Acronyms often fall into this category. For example, consider the acronym “PSP”. It could mean “PlayStation Portable” or “Paint Shop Pro” or “Paintball Sports Promotions”, etc. Acronymfinder.com reports 96 meanings for “PSP”. It is impossible to know which is the more popular; however, Google’s page 1 results are biased toward “PlayStation Portable”.
Whether an acronym or relevant keyword phrase, if the search engine ranks non-relevant website pages, searchers will likely abandon their search for an alternative phrase.
Misspelled keywords use to be a prized tactic because the keyword space is typically less competitive. Now, most major search engines offer the corrected spelling to searchers. Typically searchers accept the corrected spelling before clicking on any search results.
There are, however, some exceptions. In some cases, a keyword phrase may have 2 or more legitimate spellings. Collocation is one such term. It may be spelled as ‘collocation’ or ‘colocation’. Google provides no corrected spelling in this case and both spelling produce relevant results.
PPC vs. Organic Search Results
PPC sponsored links and Organic Search Results appear on Search Engine Results Pages (SERPs). Both are intended to offer searchers a choice of relevant website pages in response to a keyword search query. But PPC and Organic campaigns have significantly different cost models and user experiences that affect keyword choice.
Managers of organic optimization campaigns spend resources for search engine visibility with the intention of securing clicks. Effort is expended or ‘sunk’ regardless of the clicks attained. PPC sponsored link managers attain visibility for free and only pay for clicks. PPC costs are ‘variable’. Although this statement seems obvious, the implications are significant.
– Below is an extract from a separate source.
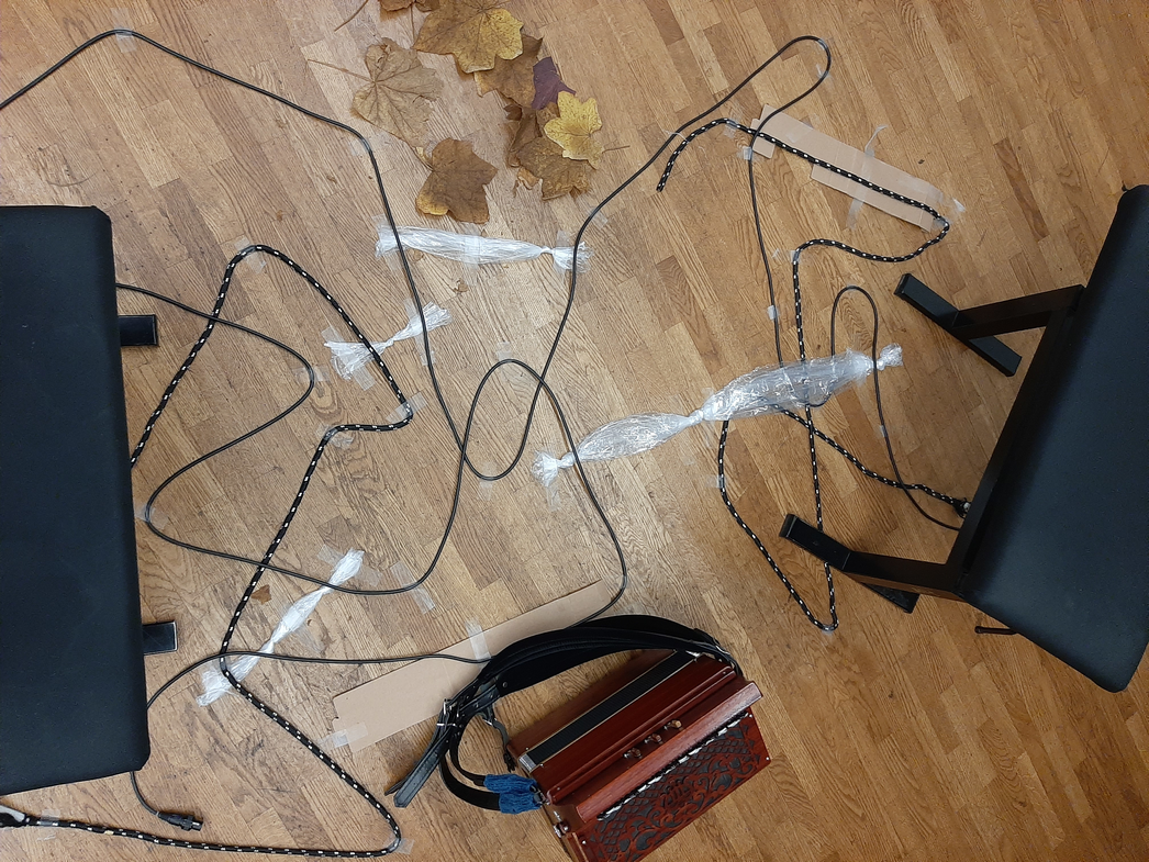 On our first session I had taped different materials on the floor of the room as an experiment for feeling the roots on our feet while improvising (Figure 1.7). Before starting we agreed to only use melodic material, in order to represent visually different roots coming together. We were both sitting, with closed eyes, experiencing the roots with our feet. After the improvisation, we had a spoken reflection where we discussed the experience of improvising in this specific context. Because the roots were connected and we were sitting, it was impossible to follow those roots till the end. This feeling of not being able to reach all the way to the end connected with a reflection on the impossibility to completely reach completly to our origins. Apart from the thinking behind the topic of the roots, these kinds of physical exercises support an awareness of the body sensations and in my opinion its relaxing effects can contribute to a more creative outcome.

In a variable PPC cost model, the cost per click conversion is relatively flat. The cost per click is relatively the same no matter how popular a keyword phrase may be for a given vertical market space. Variations in PPC cost occur when a keyword overlaps with other vertical markets.
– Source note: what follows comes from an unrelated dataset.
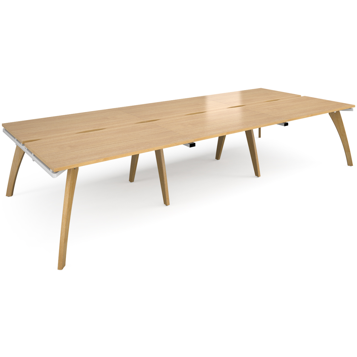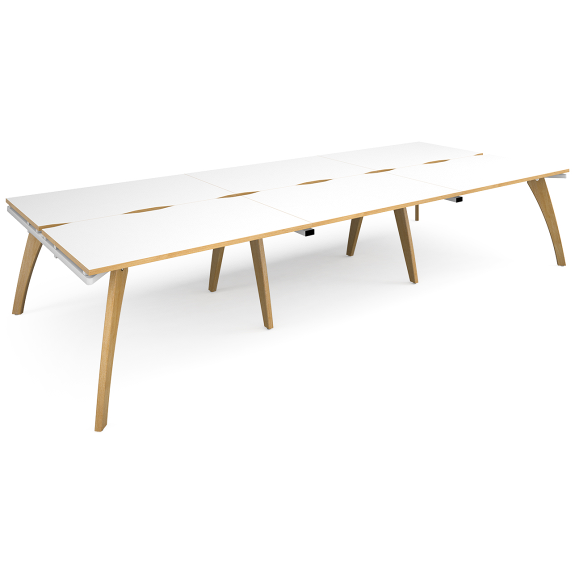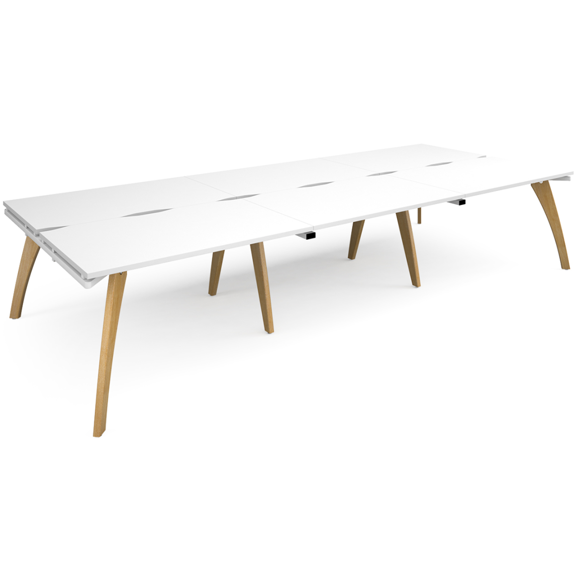The Fuze blends practicality and looks, creating a clean and modern modular desk range for your office. The Fuze desk can be used as a work space or as meeting tables. The Triple Back to Back Modular Desk compromises of six 800mm deep desk tops with scalloped cut outs, available in 3 width options (3600mm, 4200mm and 4800mm) with 25mm thick tops, solid oak legs, and are available in white or white with oak sides. As well as this, the Fuze desks are available with an 8 year guarantee and a range of delivery options.

Organic Optimization is different. There is a ‘sunk’ cost associated with the optimization of each keyword. For keywords that may not be very popular, the ‘sunk’ cost per click conversion is high. Likewise, the keyword phrases that are popular and more competitive require significantly greater organic optimization effort resulting in a high click conversion cost. The sweet spot for organic optimization is in the middle: keywords that have some popularity and are, from a competitive ranking point of view, reasonably attainable.
The cost curves for PPC and Organic campaigns are different for each vertical market and require keyword research to determine the best approach.
PPC and Organic listings offer different user experiences that affect keyword choice. Most searchers know that PPC sponsored listings are paid listings. And because these listings are small, they can be scanned and qualified quickly. Thus, PPC listings may venture into keyword spaces that are more ambiguous or less relevant because searchers qualify them by the listing description. This qualification reduces clicks from non-relevant traffic.
Organic listings, on the other hand, have twice the amount of text. Not only are they longer, they may be more difficult to read in those cases where Google uses ‘snippets’ of text from the page body. These ‘snippets’ may not be as descriptive or concise as a PPC listing. Lastly, searchers trust the search engine to deliver relevant organic results. Therefore, organic listings are more likely to obtain a click by virtue of their search engine ranking rather than user qualification. The result is clicks from more non-relevant traffic.
Developing a comprehensive keyword strategy is the starting point of any Search Engine Marketing (SEM) effort. Some keywords are better suited to PPC campaigns; others for organic campaigns. Choosing the best combination is a matter of significant research that will maximize the amount of relevant traffic while minimizing costs.